- Born: Kerry Roberta Peers 1 November 1964 (age 61) Northop Hall, Wales
- Occupation: Actress

= Kerry Peers =

Welsh actress (born 1964)

Kerry Peers (born 1 November 1964) is a British actress who is best known for her role in The Bill where she played Suzi Croft from 1993 to 1998. She has also been in Casualty, Doctors, Holby City, Brookside and appeared on Coronation Street from October 2019 to January 2020.

==Early life==
Kerry Roberta Peers was born on 1 November 1964 in the small village of Northop Hall, near Mold in North Wales, where she spent her childhood.

==Acting==
Peers moved to London, where she attended the Central School of Speech and Drama. On leaving drama school she performed in a number of plays, such as Les liaisons dangereuses (with the Royal Shakespeare Company) and was also in the original cast of Alan Ayckbourn's Mr A's Amazing Maze Plays at the Stephen Joseph Theatre in Scarborough.

In 1993, Peers joined the cast of The Bill as DC Suzi Croft, leaving in 1998. Since then she has continued to appear on television in series such as Waterloo Road, Casualty, Holby City, The Case, Doctors, The Royal Today and Shameless. She was also a regular cast member of Brookside 2002–2003, playing the part of Helen Carey. In November 2019, she appeared in an episode of the BBC soap opera Doctors as Yvette Froom.
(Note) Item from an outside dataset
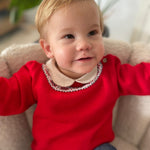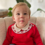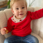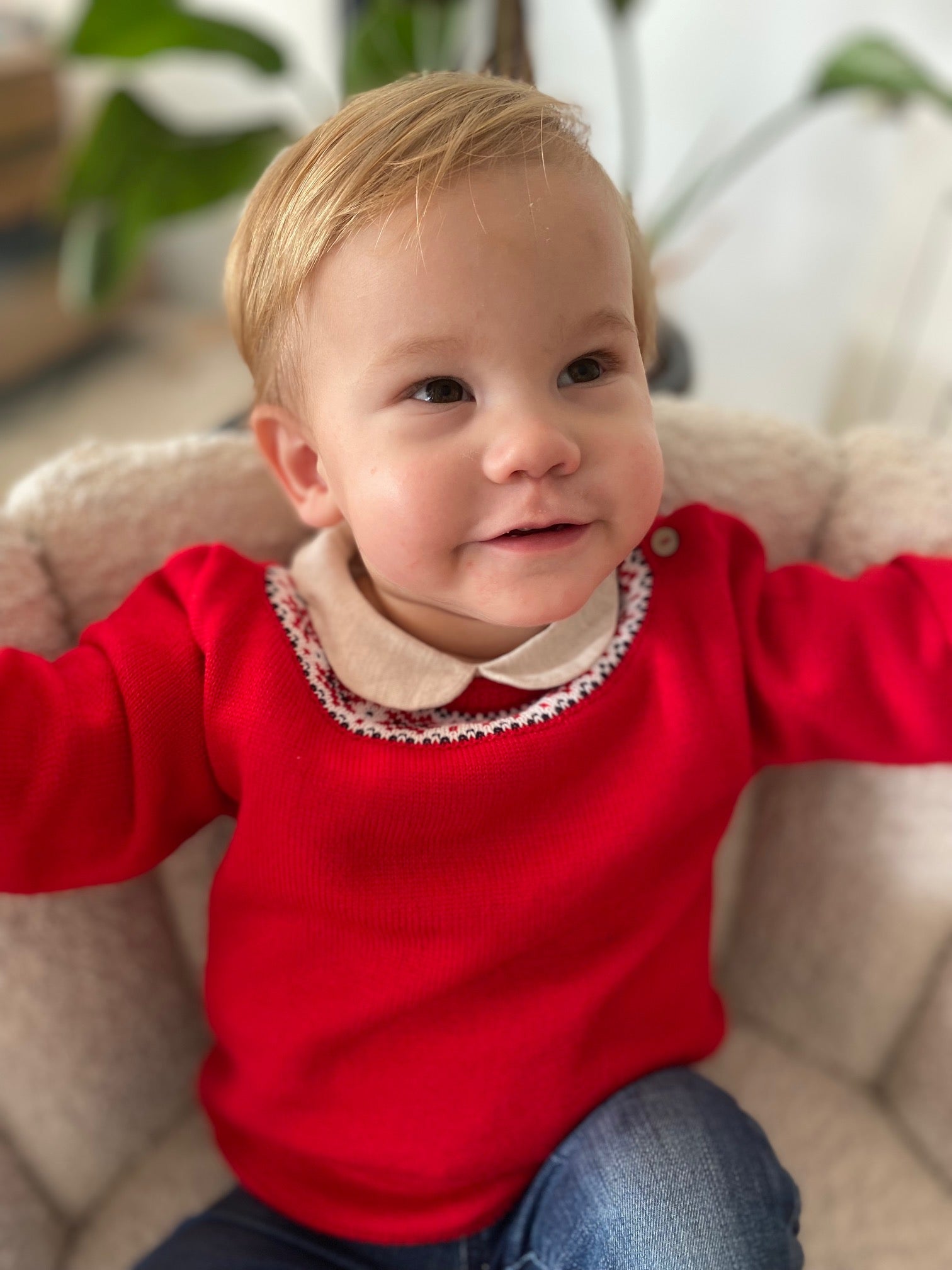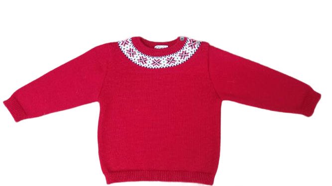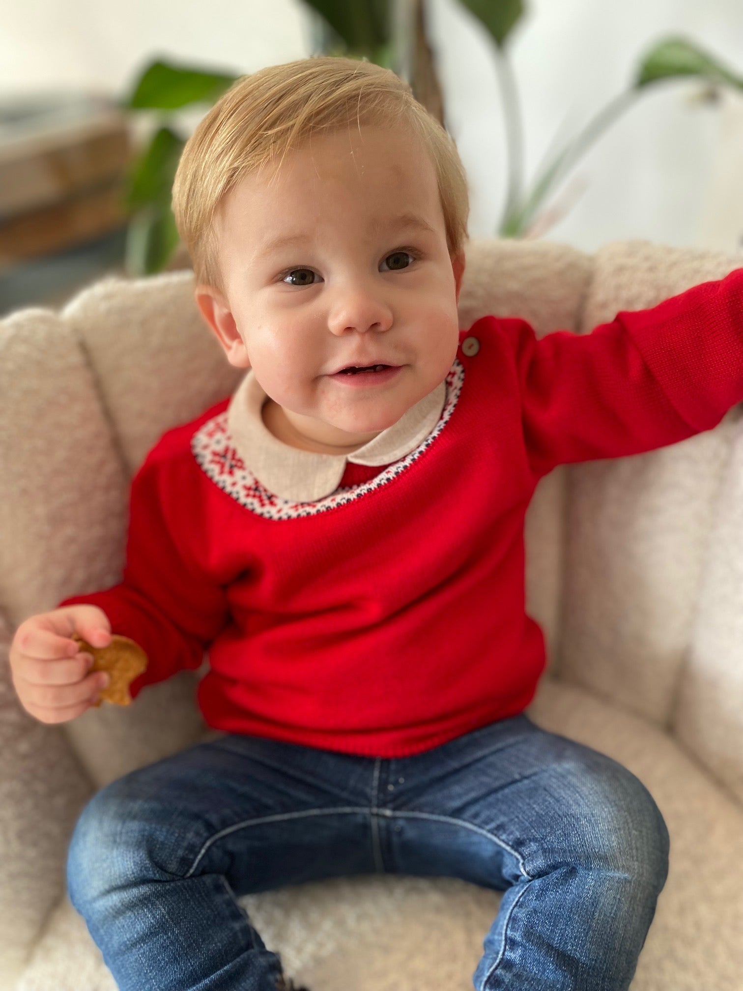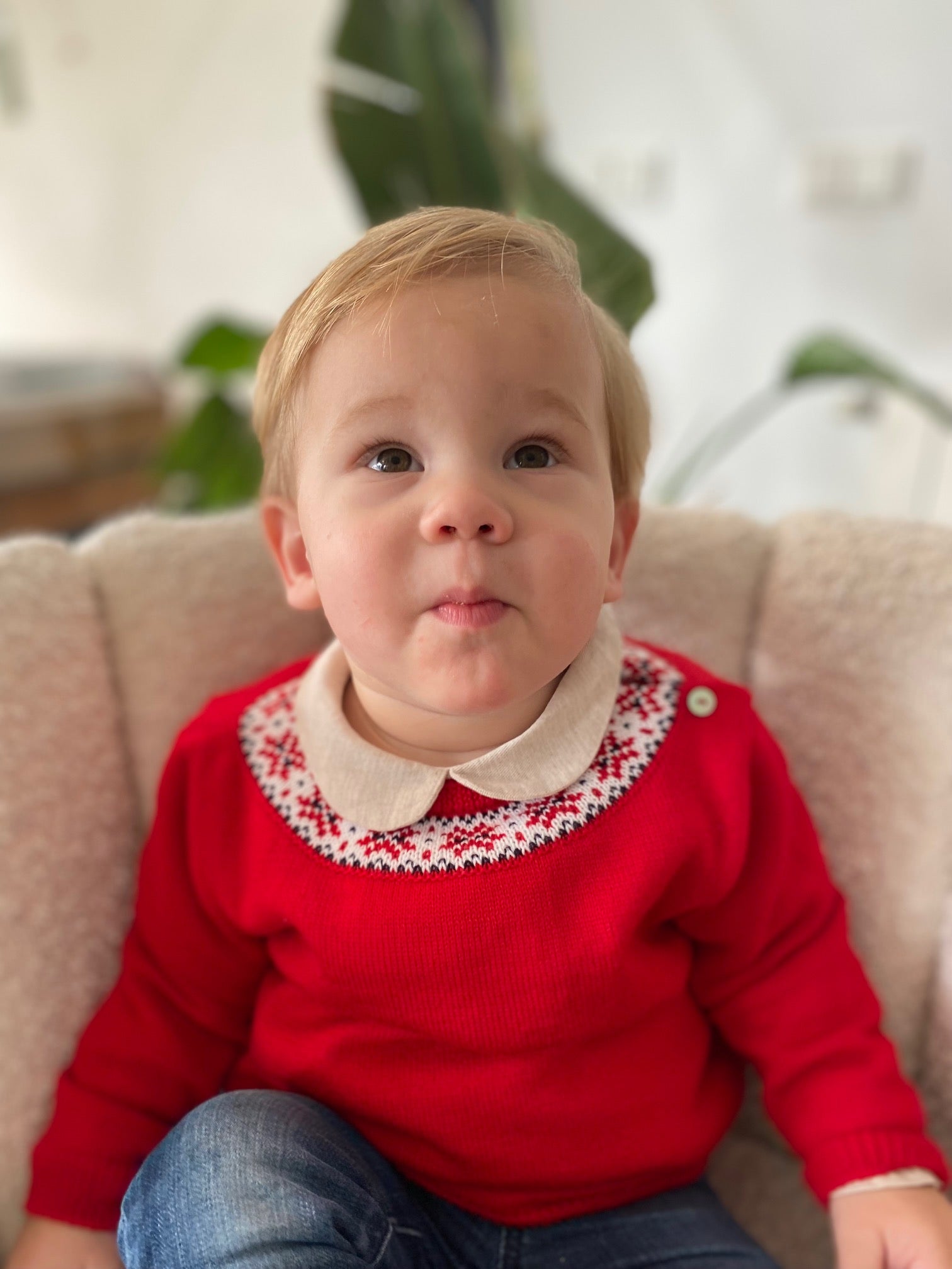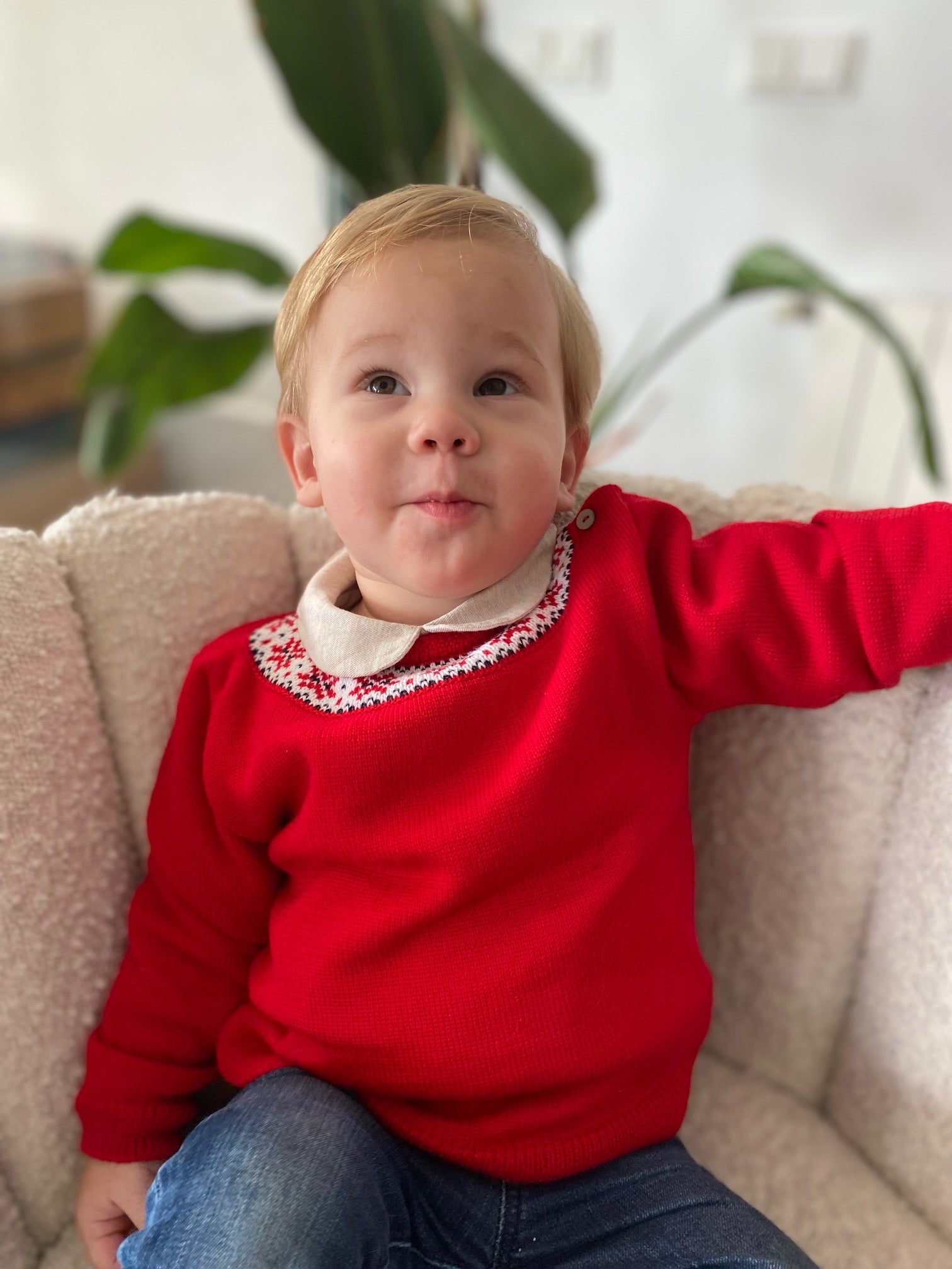 Precioso jersey de niño de lana de merino de color rojo. Ideal para las fiestas. Conjunta a tus peques, porque las tallas llegan de 6 meses a 6 años.

Peers has also continued to appear on-stage, playing Nurse Ratched in an acclaimed version of One Flew Over the Cuckoo's Nest as well as roles in Paradise Bound and Billy Liar.

In 2018, she appeared in a supporting role in the ITV1 miniseries Butterfly.

== Awards ==
In 2003, Peers won the Manchester Evening News Theatre Award for Best Actress in a Supporting Actress Role for her part in Neil Simon's Brighton Beach Memoirs at the Oldham Coliseum Theatre.